▶ **Exercise goal**:
For this exercise, repeat exactly the lines below starting at the line holding "für Abschlusstüren ·" and ending at the line holding "在剛剛結(jié)束的美國國", both included, with no extra lines and no pictures.

Records contained in a dataset
_ _ _ _ _

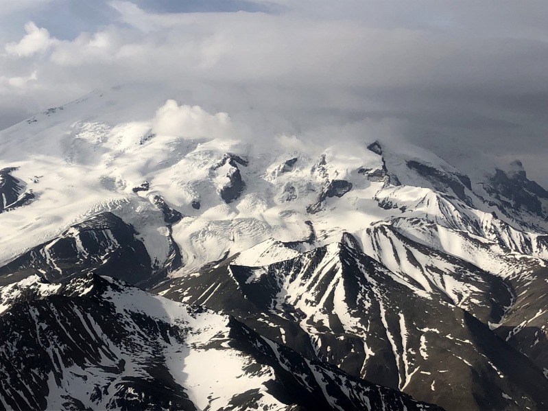 Kromě obletu měst Moskva, Kazaň, Samara, Ufa, Čekobsary, ale I Saratov a Volgograd jsem měl naplánovaný i oblet části Kavkazu jižně od Piatigorsku. Bohužel to odpoledne tam byl nejdříve asi hodinový zákaz letů, protože probíhalo vystřelování jakýchsi hlavic, které rozptylují krupobití a když zákaz skončil, tak přišla bouřka. Sice už bez krupobití, ale létat v ní v horském terénu by býval rozhodně nebyl dobrý nápad. Jsem proto moc rád, že se mi podařilo udělat alespoň pár záběrů nejvyšší evropské hory Elbrus příští den ráno při odletu do Krasnodaru.
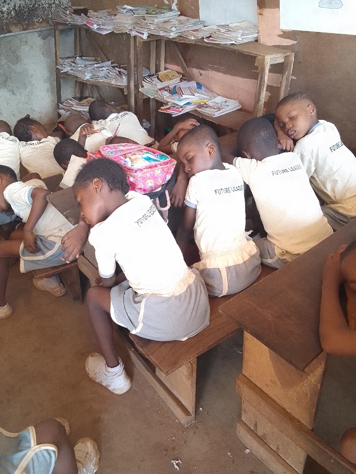 This image depicts an indoor classroom scene in the city of Unknown, Unknown, where approximately ten primary school-aged children are resting or sleeping
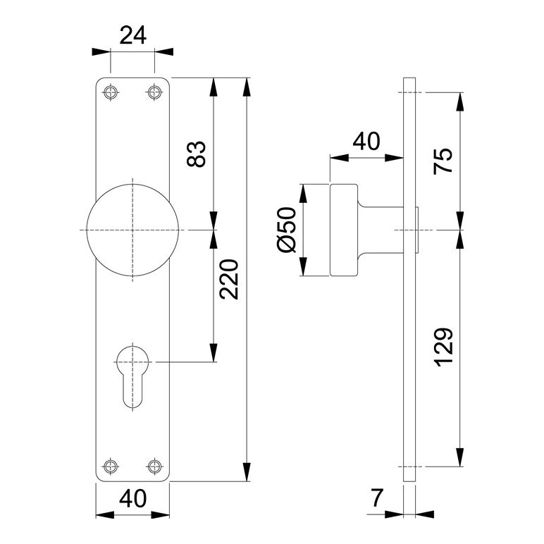 für Abschlusstüren · mit Befestigungsschrauben · Lochung PZ · Entfernung 72 mmWeitere technische Eigenschaften:· Schildstärke: 7 mm· Befestigungsart: sichtbare Verschraubung· Ausführung: Knopf gerade· Knopftiefe: 40mm
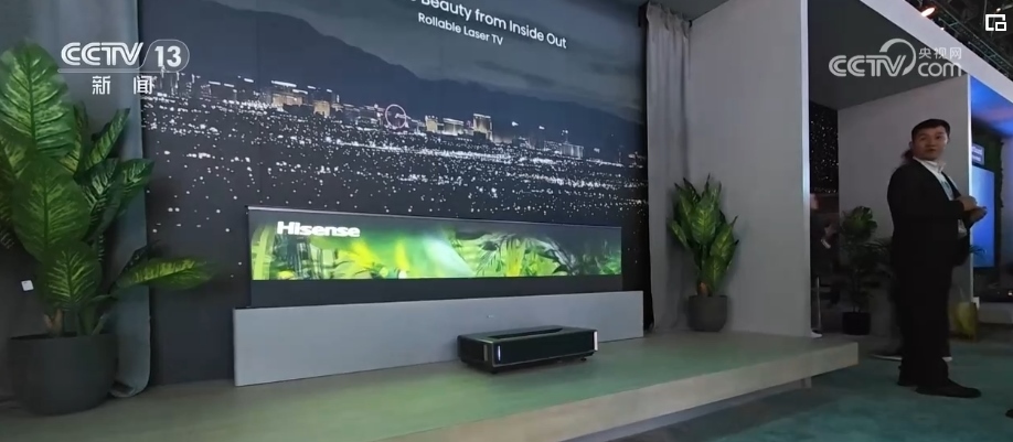 在剛剛結(jié)束的美國國際消費(fèi)電子展上,超1000家中國企業(yè)參展。一款像地毯一樣能卷起來的卷曲激光電視廣受關(guān)注,引來眾多外國客戶洽談合作。
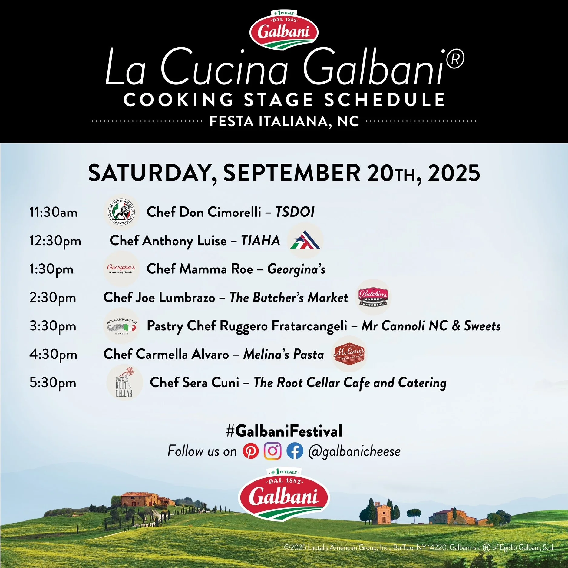 Welcome to the Galbani Culinary Stage, a favorite destination at Festa Italiana North Carolina! Whether you are a seasoned chef or a curious food enthusiast, our cooking demos will guide you through the art of creating delicious Italian dishes that capture the essence of La Dolce Vita! Chefs will share their expert tips and reveal secrets behind Italy’s most beloved flavors. Recipes will include Penne Pasta with Sausage and Sun-Dried Peppers in a Tomato and Ricotta Sauce; Chicken Penne Pasta; “The Big Gina”; Mozzarella-Stuffed Italian Sausage; Ricotta Gnocchi in a Sage Butter Lemon Sauce; and Fresh Ricotta Cavatelli Pasta, and there will also be a Sicilian Cannoli-Eating Contest!, So come hungry and get ready to learn Italy’s vibrant recipes so you can bring our cuisine into your own kitchen!
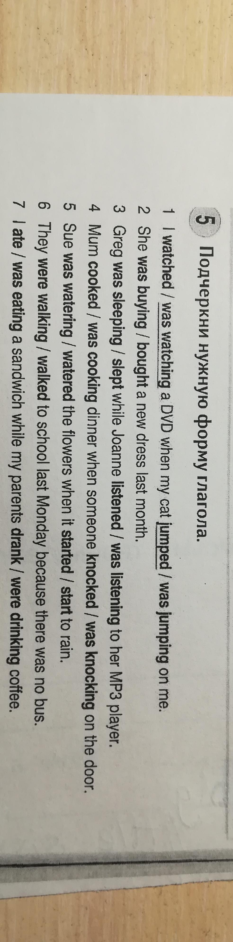 2 bought 3slept и listened 4cooked и was krocked 5was watering и start 6walked 7ate drank

_ _ _ _ _

▶ **Task output**:
 für Abschlusstüren · mit Befestigungsschrauben · Lochung PZ · Entfernung 72 mmWeitere technische Eigenschaften:· Schildstärke: 7 mm· Befestigungsart: sichtbare Verschraubung· Ausführung: Knopf gerade· Knopftiefe: 40mm
 在剛剛結(jié)束的美國國際消費(fèi)電子展上,超1000家中國企業(yè)參展。一款像地毯一樣能卷起來的卷曲激光電視廣受關(guān)注,引來眾多外國客戶洽談合作。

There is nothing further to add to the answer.